The plan proposed by Peat Marwick was designed to bring order out of chaos. The plan as adopted has worked well to achieve all of its goals, including safety, convenience to the traveling public, and revenue-raising. Astro is requesting that the Court focus only on making information as to its services available to the traveling public, so that the public can make an informed decision about which carrier to choose. The Court does not believe that, under the facts of this case, the individual and societal interest in assuring informed and reliable decision-making takes precedence over the substantial governmental interests in safety, promotion of commerce and tourism, and revenue-raising. The Court grants summary judgment to Defendant as to Count I.


The Court finds that the reasoning of the Eleventh Circuit in Commuter Transportation, supra, controls both issues, and dismisses both as a matter of law.


The Court remands Counts IV and V for proceedings in state court. Accordingly, it is

ORDERED that Defendant's motion for summary judgment as to Count I be granted.
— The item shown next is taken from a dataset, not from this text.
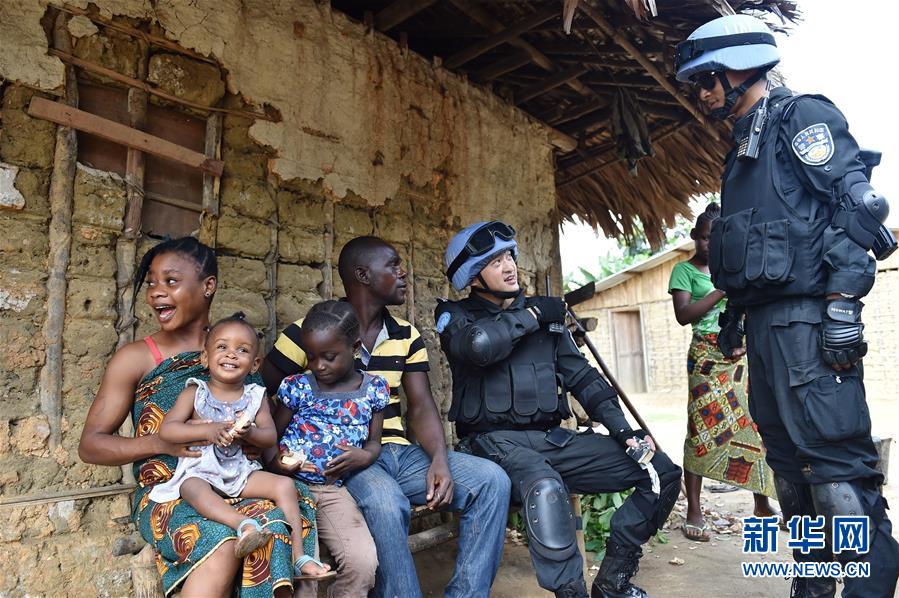 2015年11月3日,中国维和警察防暴队队员在利比里亚格林维尔的一座村庄询问当地治安等情况。 新华社记者 孙瑞博 摄

It is further

ORDERED that Plaintiff's motion for partial summary judgment be denied. It is further

ORDERED that Plaintiff's request for oral argument be denied. It is further

ORDERED that Defendant's motion to modify consent order be denied as moot. It is further

ORDERED that Defendant's motion to dismiss Counts II and III be granted. It is further

ORDERED that the Clerk is directed to enter final judgment implementing this Order and dismissing this case.